2. Dennys Reyes -- He's lefthanded, soft enough to absorb pretty much any body blow you try to throw at him, and let's be honest here: If Reyes is losing the fight, or just happens to get hungry, I'll bet he wouldn't be above taking a bite out of you. Remember the old Warner Bros. cartoons, when a hungry character would look at the guy he was shipwrecked with, and he would morph into a big juicy ham? Well that's what the whole world looks like to Dennys Reyes, all the time. Just hams walking around everywhere, waiting to be eaten. 

A few seconds after this shot was taken Jamie Lee Curtis swung and missed on a curve in the dirt.
1. Chris Carpenter -- Why is Chris Carpenter the most frightening Cardinal, you ask? Simple. Chris Carpenter is fucking crazy. I'm not joking. We've all seen it. Forget Julio Lugo and his crazy eyes, Carp can stop your heart just by staring at you. He's 6'6", used to play hockey, and completely, utterly insane. In short, Chris Carpenter is like Michael Myers. It's no coincidence his favorite pitch is the cutter. (Thank you! I'll be here all week!) We all saw what Carpenter did to Brendan Ryan the other day for delaying him by literally 30 seconds, and that's his teammate. Just imagine what he would do to someone he really doesn't like. 

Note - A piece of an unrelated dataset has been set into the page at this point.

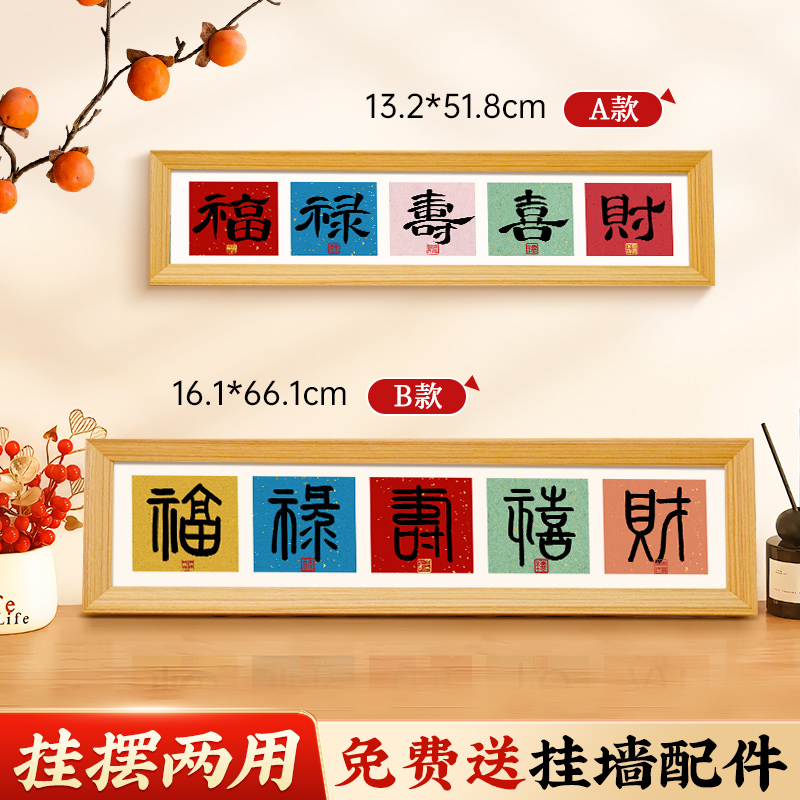 新年书法摆件福禄寿喜财装饰画框客厅摆台新中式高级感创意礼物送

There are plenty of other guys on this Cardinal team I wouldn't want to fight. Jason LaRue just barely missed out because I'm not nearly as afraid of him now as I was when he still had the mullet and horseshoe 'stache. He did take a kick in the face with baseball cleats and it just made him mad, so he does get some serious bonus points for that. Albert Pujols could kill you with just one of his fingers, but he seems to be well in control of his powers. I'd be a little afraid of Jon Jay, only because I would bet every single punch he throws lands somehow, no matter how you try to block it.
​​(We'll call it batting average on punches in face, and his would have to be unsustainably high.) Mitchell Boggs might be a pretty tough guy, but he's got that bearded southern dandy thing going on at the moment, so I picture him fighting like John L. Sullivan, and I think I could handle that. 

In the end, though, I think we can all agree it's probably a good thing Scott Rolen didn't really make Carpenter angry the other night, or the Reds would now be looking for a new third baseman and the Cards would be trying to figure out if Chris Carpenter can pitch with that Hannibal Lecter mask thing on.